A UEFA já havia resistido às chamadas para impedir Israel de suas competições, com Ceferin dizendo em agosto que geralmente se opõe à proibição.
“Acho que todos os atletas devem ter a oportunidade de competir e que outras coisas devem ser tratadas de maneira diferente”, disse Esloveno.
Mas a organização foi fortemente criticada – incluindo a estrela do Liverpool, Mohamed Salah – no verão, quando ele publicou o jogador de futebol palestino Suleiman Al -Obeid nas mídias sociais, mas não se refere às condições em torno de sua morte.
A Associação de Futebol Palestino (PFA) disse que foi morto em um ataque israelense enquanto esperava ajuda humanitária na faixa de South Gaza.
O PFA também afirmou que o número de jogadores que foram mortos ou morreram de fome nos sets Gaza 421, incluindo 103 crianças.
A UEFA então colocou banners em campo antes da partida da Super Cup entre Paris St-Germain e Tottenham na Itália em agosto, lendo “Stop Killing Children” e “Stop Killing Citizens”.
A FA turca agora se tornou o primeiro membro da UEFA a buscar publicamente a suspensão de Israel.
“Apesar de sua posição como defensores de valores civilizados e paz, o mundo dos esportes e as instituições de futebol permaneceram em silêncio por um longo tempo”, disse o presidente da FA turca, Ibrahim Haciosmanoglu.
“É hora da FIFA e UEFA agirem. Israel deve ser proibido por todas as competições esportivas imediatamente”.
O exército israelense lançou uma campanha em Gaza em resposta ao ataque da liderança do Hamas no sul de Israel em 7 de outubro de 2023, que matou cerca de 1.200 pessoas e 251 outras eram reféns.
Pelo menos 65.502 pessoas foram mortas em ataques israelenses em Gaza desde então, de acordo com o Ministério da Saúde do Hamas.
O ex-arsenal e o verdadeiro defensor de hoje Betis Hector Bellerin superaram o conflito israelense-a-gaza e disse à BBC que ele sente que as regras não foram aplicadas igualmente à Rússia e Israel.
“Só não entendo como a guerra entre a Rússia e a Ucrânia começou, a Rússia não pôde competir em nenhum esporte e agora a medição é um bar diferente para o que está acontecendo com Israel”, disse o espanhol. “Eu não acho que está certo.
“Há crianças e famílias que são bombardeadas diariamente. Desejo a todos os meus colegas.
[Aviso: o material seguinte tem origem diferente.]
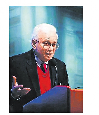 看孔飞力的照片,是一幅授课场景,满头银发,大概正在讲述什么,手在舞动,犹如吟唱。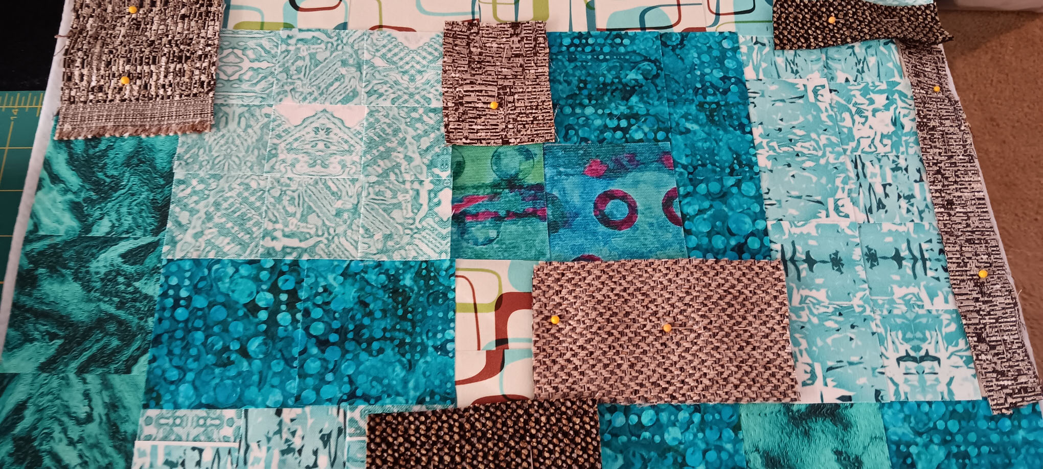 First, I would sew the upholstery piece onto a piece of black Kona fabric. This would serve as a substrate for the upholstery fabric which could then be attached to the overall piece. Sewing around the upholstery fabric creates a nice border. I skip sewing on the fringe as I want this to hang freely.

Todas as organizações do futebol vão em frente, porque o futebol é mais frequentemente o lugar onde as pessoas parecem”.
Mas outros argumentam que Israel deve manter sua posição nas competições da UEFA.
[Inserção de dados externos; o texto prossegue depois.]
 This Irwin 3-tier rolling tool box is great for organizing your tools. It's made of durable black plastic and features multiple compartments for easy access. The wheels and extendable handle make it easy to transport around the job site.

“Para a UEFA ou a FIFA remover Israel das partidas de futebol, seria uma traição às comunidades judaicas em todo o mundo e um ato de abuso, demonização e degradação de Israel”, disse Simon Johnson, ex -conselho de conselheiro corporativo e ex -conselheiro.
“Ele não faria nada para acabar com a guerra ou trazer paz para a área”.
A pressão parece criar uma decisão oficial, que, seja qual for o caminho, poderia ter consequências sísmicas muito além do futebol.
Relatórios adicionais de Shamoon Hafez.